For visuzliation, there are a few options. The easiest is the ‘dumb’ option, whereby the depthrange is ignored. I often do not change the depth range for this express purpose, but for other options you can see below.

Note: We are going to start loading the data into memory, so be very careful when reading an entire file, as the files can get really, really big. Make sure you try a small amount of data before going big!

import numpy as np

alldata = []
def handle_data_lf(datetime, lon, lat, depth, depthrange, data):
    # because the data is not always exactly 200 elements long,
    # we need to manually ensure the output is 200 elements
    # or it won't load into numpy properly
    if len(data) == 200:
        alldata.append(data)
    elif len(data) > 200:
        alldata.append(data[:200])
    else:
        alldata.append(data + [0 for i in range(200-len(data))])
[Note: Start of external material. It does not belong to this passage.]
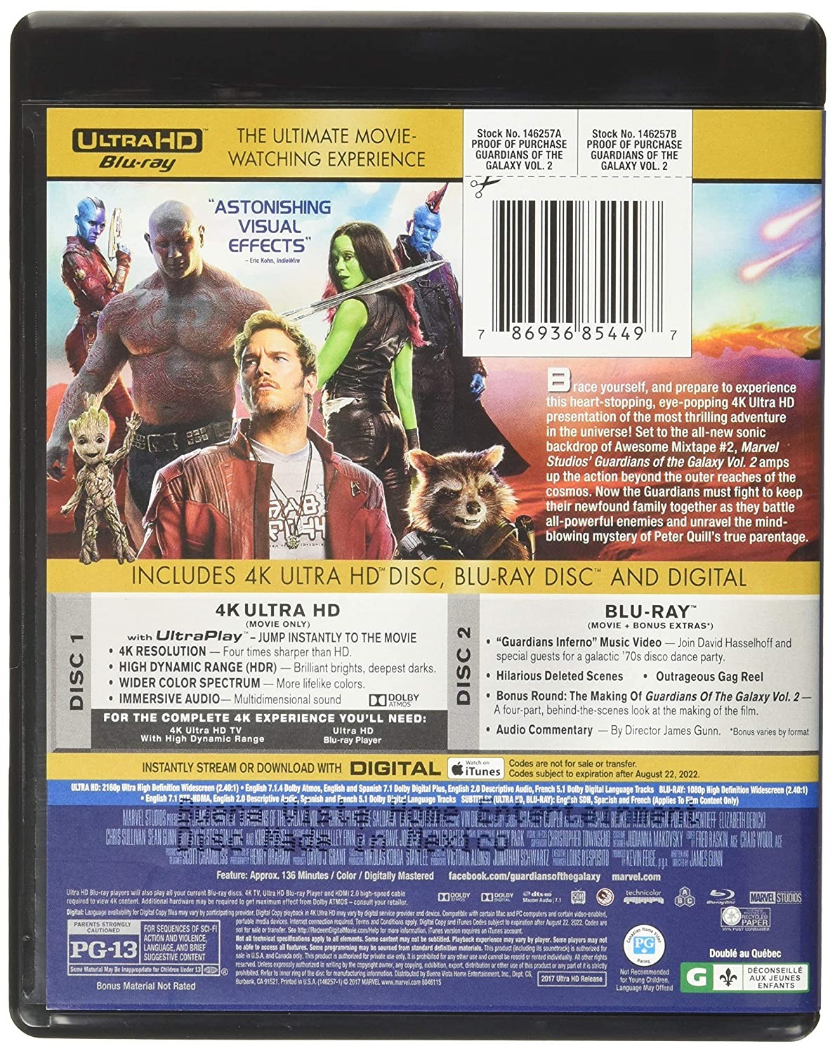 Cantidad de Discos: 1 4K + 1 Bluray | Lanzamiento: 2017 | Género(s): Acción, Ciencia Ficción | Audio: Inglés, Español, Francés | SubtÃtulos: Español, Inglés, Francés | TÃtulo: Guardians of the Galaxy Vol. 2 | Director(es): James Gunn | Reparto: Chris Pratt, Zoe Saldana, Dave Bautista, Bradley Cooper, Vin Diesel, Kurt Russell, Michael Rooker, Karen Gillan, Elizabeth Debicki, Tommy Flanagan, Sean Gunn, Pom Klementieff, Chris Sullivan, Sylvester Stallone, Stan Lee, Ving Rhames | Norma / Región: NTSC (Región A) | Cantidad de Discos: 1 4K + 1 Bluray | Lanzamiento: 2017 | Género(s): Acción, Ciencia Ficción | Audio: Inglés, Español, Francés | SubtÃtulos: Español, Inglés, Francés | TÃtulo: Guardians of the Galaxy Vol. 2 | Director(es): James Gunn | Reparto: Chris Pratt, Zoe Saldana, Dave Bautista, Bradley Cooper, Vin Diesel, Kurt Russell, Michael Rooker, Karen Gillan, Elizabeth Debicki, Tommy Flanagan, Sean Gunn, Pom Klementieff, Chris Sullivan, Sylvester Stallone, Stan Lee, Ving Rhames | No

read_odc('sample_odc/20110627125717.odc', handle_lf=handle_data_lf)

np.array(alldata)

array([[255, 255, 255, ...,   0,   0,   0],
       [255, 255, 255, ...,   0,   0,   0],
       [255, 255, 255, ...,  35,   0,   0],
       ..., 
       [255, 255, 255, ...,  68,  68,  51],
       [255, 255, 255, ...,  35,   1,   0],
       [255, 255, 255, ...,  85,  52,  51]])

import matplotlib.pylab as plt
%matplotlib inline

plt.imshow(np.array(alldata).T, aspect='auto')

<matplotlib.image.AxesImage at 0x11012cba8>

The ‘dumb’ way works great, except when there is a change in the depth range, which makes the output inconsistent. There are probably a few approaches, but the first that comes to mind is getting the data in x/y/z, where the x is the ping number (or distance along a transect), y is the actual depth of the measurement, and z is the strength of the return.

xs = []
ys = []
zs = []
pingnum = 0
def handle_data_lf(datetime, lon, lat, depth, depthrange, data):
    global pingnum
    
    if len(data) > 200:
        data = data[:200]
    elif len(data) < 200:
        data = data + [0 for i in range(200-len(data))]
    for i in range(200):
        xs.append(pingnum)
        ys.append(i*depthrange/200.0)
        zs.append(data[i])
    
    pingnum += 1
    if pingnum == 500:
        return False
read_odc('sample_odc/20051012142823.odc', handle_lf=handle_data_lf)

df = pd.DataFrame({'x':xs, 'y':ys, 'z':zs})
df.head()

	y	z
0	0.0	167
1	0.6	205
2	1.2	155
3	1.8	87
4	2.4	0

Unfortunately there is no easy way to plot this without interpolation, although if what is desired is a true transect using distance as the x-axis, this is probably the only way. A less involved method (ignoring distance along the transect) is to pick a depth range at the start, and resample each array as the file is read.

plot_depthrange = 40.0
plot_npixels = 500
plot_res = plot_depthrange / plot_npixels
depthvals = np.arange(0, plot_depthrange, plot_res)
alldata = []

def handle_data_lf(datetime, lon, lat, depth, depthrange, data):
    if depthrange == 0:
        return
    if len(data) > 200:
        data = data[:200]
    elif len(data) < 200:
        data = data + [0 for i in range(200-len(data))]
    old_depthvals = np.arange(0, depthrange, depthrange/200.0)
    resampled = np.interp(depthvals, old_depthvals, data, right=0)
    alldata.append(resampled)
    

read_odc('sample_odc/20140711114326.odc', startline=29000,
         maxlines=6000, handle_lf=handle_data_lf)
plt.imshow(np.array(alldata).T, aspect='auto')

<matplotlib.image.AxesImage at 0x1083e7080>

Closing comments

Processing data from the HydroBox isn’t easy, and it can’t be said that the HydroBox program does a much better job. At least the above code allows the user some flexibility on cropping, resampling, and parsing some of the data for the purposes of diagrams and further geoprocessing.